Cost-of-illness studies in nine Central and Eastern European countries

We conducted a systematic review following the PRISMA statement [14]. A literature search was performed using Medline, EMBASE, The Cochrane Library, CINAHL, and Web of Science databases to identify studies that report data on the cost of a disease. The search strategy was based on the keyword “cost of illness” and the name of the given CEE country (online Appendix 1). The search was limited to studies published in the past 10 years (1 January 2006—31 October 2016) and was updated on 30 June 2017 to shorten the time between the end of the search period and publication date. No language restrictions were applied. A complementary, non-systematic literature search was conducted in three countries. Three authors (SM, KT, and ZB) hand-searched for further papers in selected, peer-reviewed, non-indexed local journals in Austria, Bulgaria, and Hungary. The review protocol was not registered.

After removing duplicates, titles and abstracts of studies were reviewed independently by ZB, VB, and LG, and were retrieved if at least one of the reviewers considered the study to be relevant. First, abstracts (publication type) and reviews (publication type) were excluded. Full-text papers of the remaining studies were reviewed and included (ZB, VB, and LG). Any disagreement between reviewers was solved by discussions among the authors to reach consensus.
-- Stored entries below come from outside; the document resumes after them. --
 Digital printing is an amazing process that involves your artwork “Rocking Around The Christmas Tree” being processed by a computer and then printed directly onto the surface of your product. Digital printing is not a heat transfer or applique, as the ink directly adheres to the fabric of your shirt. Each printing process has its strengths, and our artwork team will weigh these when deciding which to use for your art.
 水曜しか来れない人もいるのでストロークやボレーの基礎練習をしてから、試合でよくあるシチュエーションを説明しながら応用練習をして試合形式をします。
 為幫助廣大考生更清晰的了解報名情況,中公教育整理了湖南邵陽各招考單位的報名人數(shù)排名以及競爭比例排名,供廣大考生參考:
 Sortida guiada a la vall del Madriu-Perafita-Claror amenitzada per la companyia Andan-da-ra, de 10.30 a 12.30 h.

Studies were selected for further analysis if they met the following inclusion criteria: (i) COI data included for a specific disease without major restriction on the patient population, e.g., by age, co-morbidity, complication, or treatment, (ii) full-text paper, (iii) original research, and (iv) the study population was recruited in Austria, Bulgaria, the Czech Republic, Croatia, Hungary, Poland, Romania, Slovakia, or Slovenia. Studies were not selected for further analysis if they represented clinical trials, reviews, cost-effectiveness studies, budget impact analyses, treatment-related (drug) studies, costs of health programs (e.g., screening), or studies enrolling a patient population with co-morbidities (e.g., diabetic patient with depression).
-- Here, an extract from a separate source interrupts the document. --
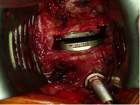 - Sau khi lấy bỏ sạch đĩa đệm, dây chằng dọc trước, gai xương, tiến hành đặt đĩa đệm cổ bằng dụng cụ chuyên dụng.
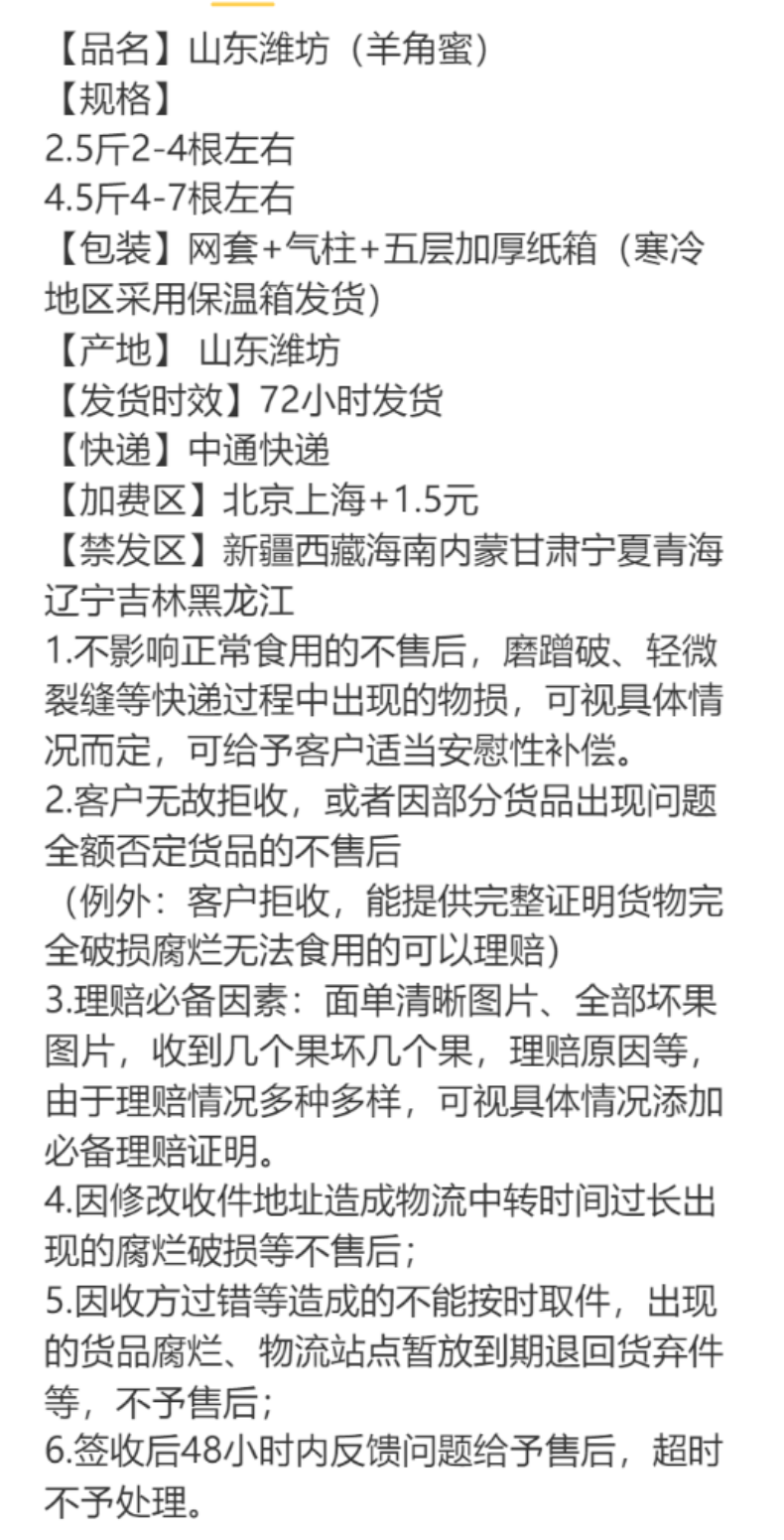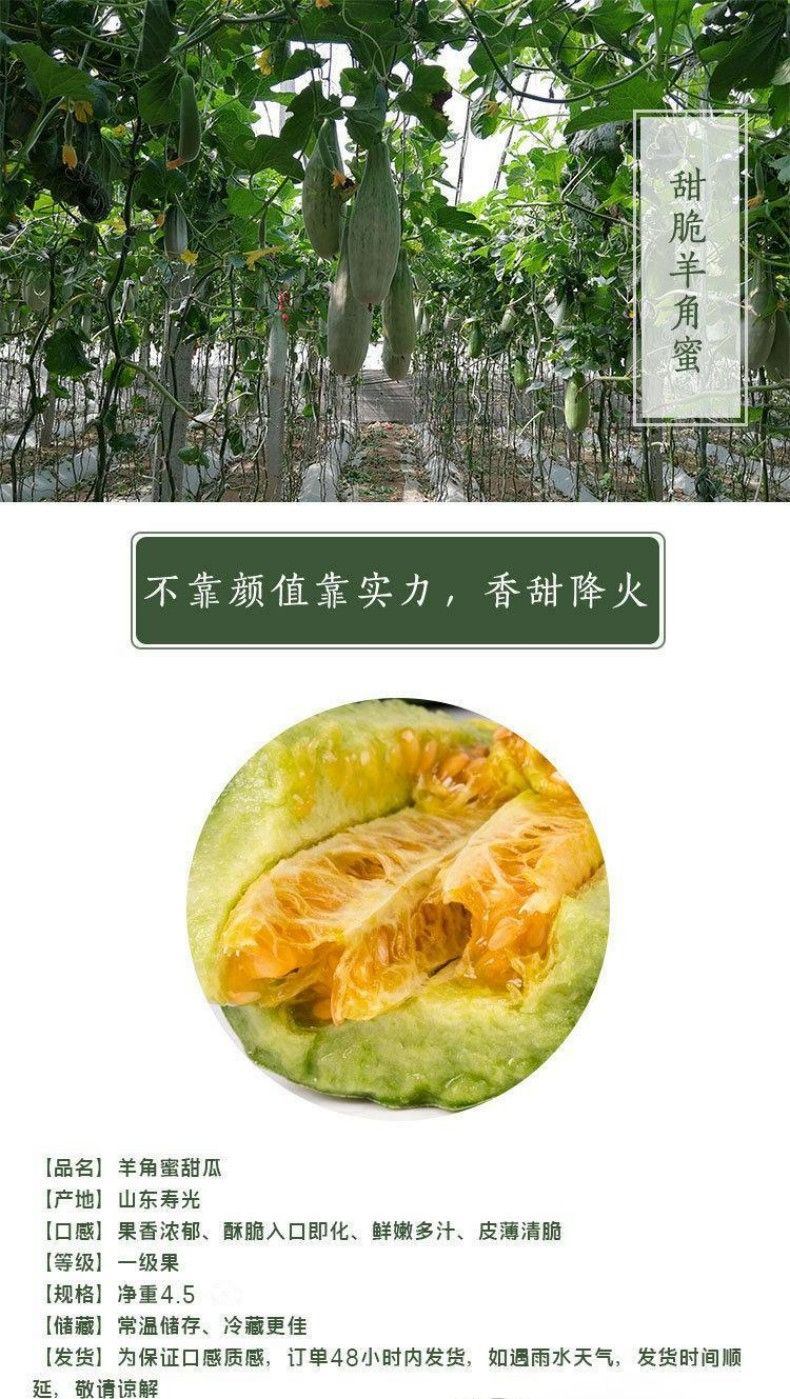 商品名称:【时令果蔬】山东特产 羊角蜜甜瓜 源头直发

A Microsoft Excel spreadsheet was developed to extract data from the identified studies, including general characteristics of the study (year of publication, geographical location, language, and funding source), methodological details of the study (disease, data collection method, study design, setting, costing year, currency, and perspective and costing methods), and results (direct costs, indirect costs, and total costs in euros). The list of extracted variables was created based on health economic checklists and adjusted by screening of six (10%) random articles [6, 15]. Costs reported in currencies other than euro were converted to euro at a mean annual exchange rate, and all costs were inflated to 2017 prices using the harmonised consumer price index extracted from Eurostat [16]. To facilitate cross-country comparisons, costs were also described as a percentage of 2017 GDP per capita. Diseases were categorised according to the International Statistical Classification of Diseases and Related Health Problems 10th Revision (ICD-10 Version:16) [17]. Data extraction was conducted by ZB and respective authors for national languages and double-checked.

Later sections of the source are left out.